We proceed to substitute the right hand side of this equation for $\log p_{\theta}(\tau)$ inside the expectation.

\[\begin{aligned} \nabla_{\theta} J(\theta) & =E_{\tau \sim p_{\theta}(\tau)}\left[\nabla_{\theta} \log p_{\theta}(\tau) r(\tau)\right] \\ & = E_{\tau \sim p_{\theta}(\tau)}\left[\nabla_{\theta} \left[ \log p\left(\mathbf{s}_{1}\right)+\sum_{t=1}^{T} \log \pi_{\theta}\left(\mathbf{a}_{t} \mid \mathbf{s}_{t}\right)+\log p\left(\mathbf{s}_{t+1} \mid \mathbf{s}_{t}, \mathbf{a}_{t}\right)\right] r(\tau)\right] \end{aligned}\]

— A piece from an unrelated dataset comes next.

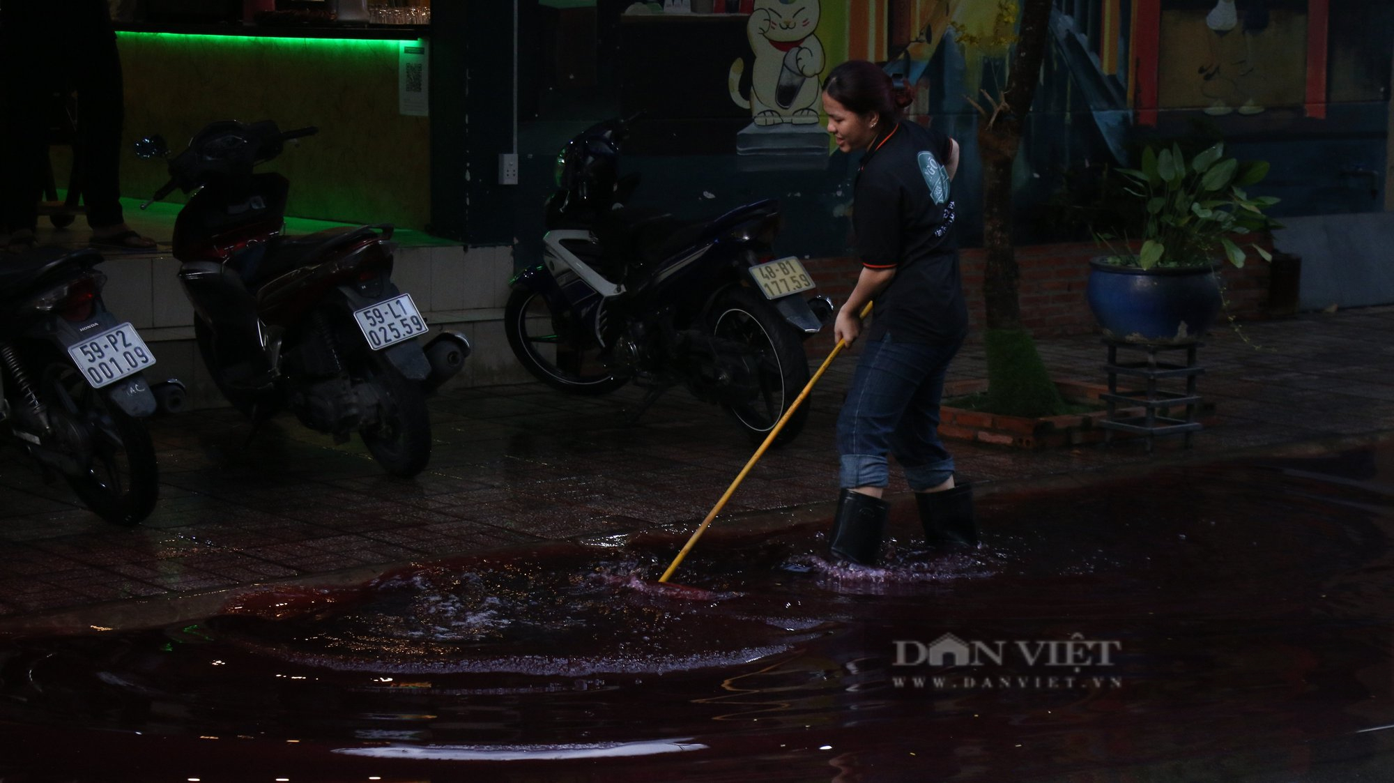 Nguyen Minh Trung, chairman of the Tan Thoi Hoa Ward People's Committee, said there are no fabric dyeing workshops near Phan Anh and To Hieu streets. He said the polluted water probably came from somewhere else through the sewage system of the Hiep Tan Channel. Trung said that, due to heavy rains, there was not enough time for the water to be drained. The ward is investigating the exact origin of the red water.
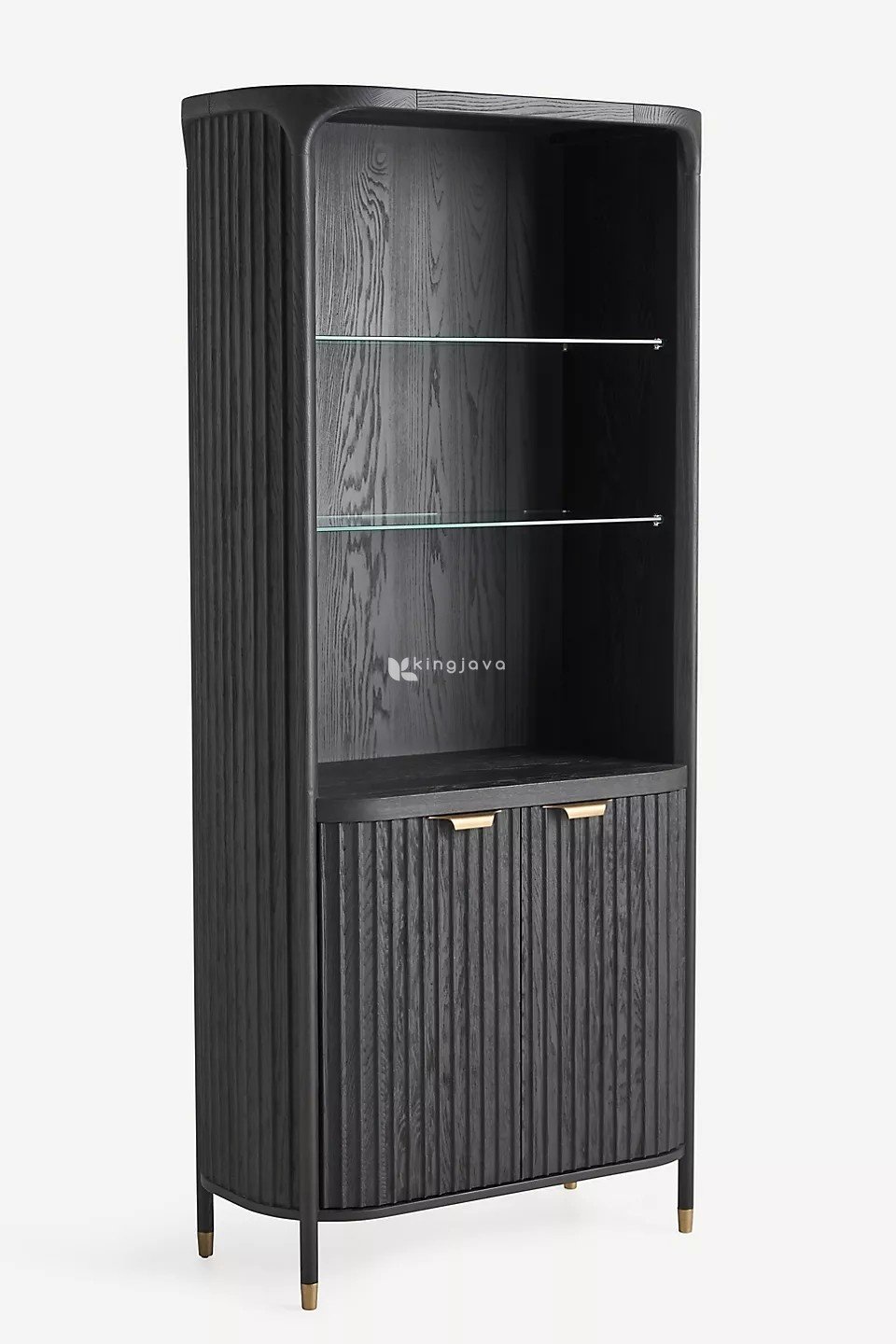- Nama Produk: Lemari Pajangan Kayu Jati Modern Minimalis Pintu Fluted Aksen Emas – Neptune

Both $\log p\left(\mathbf{s}_{1}\right)$ and $\log p\left(\mathbf{s}_{t+1} \mid \mathbf{s}_{t}, \mathbf{a}_{t}\right)$ do not depend on $\theta$, so we cancel them out and simplify it to

\[\nabla_{\theta} J(\theta) = E_{\tau \sim p_{\theta}(\tau)}\left[\left(\sum_{t=1}^{T} \nabla_{\theta} \log \pi_{\theta}\left(\mathbf{a}_{t} \mid \mathbf{s}_{t}\right)\right)\left(\sum_{t=1}^{T} r\left(\mathbf{s}_{t}, \mathbf{a}_{t}\right)\right)\right].\]

This is the full derivation of policy gradient.


[1] CS 285 Deep Reinforcement Learning by Professor Sergey Levine on YouTube.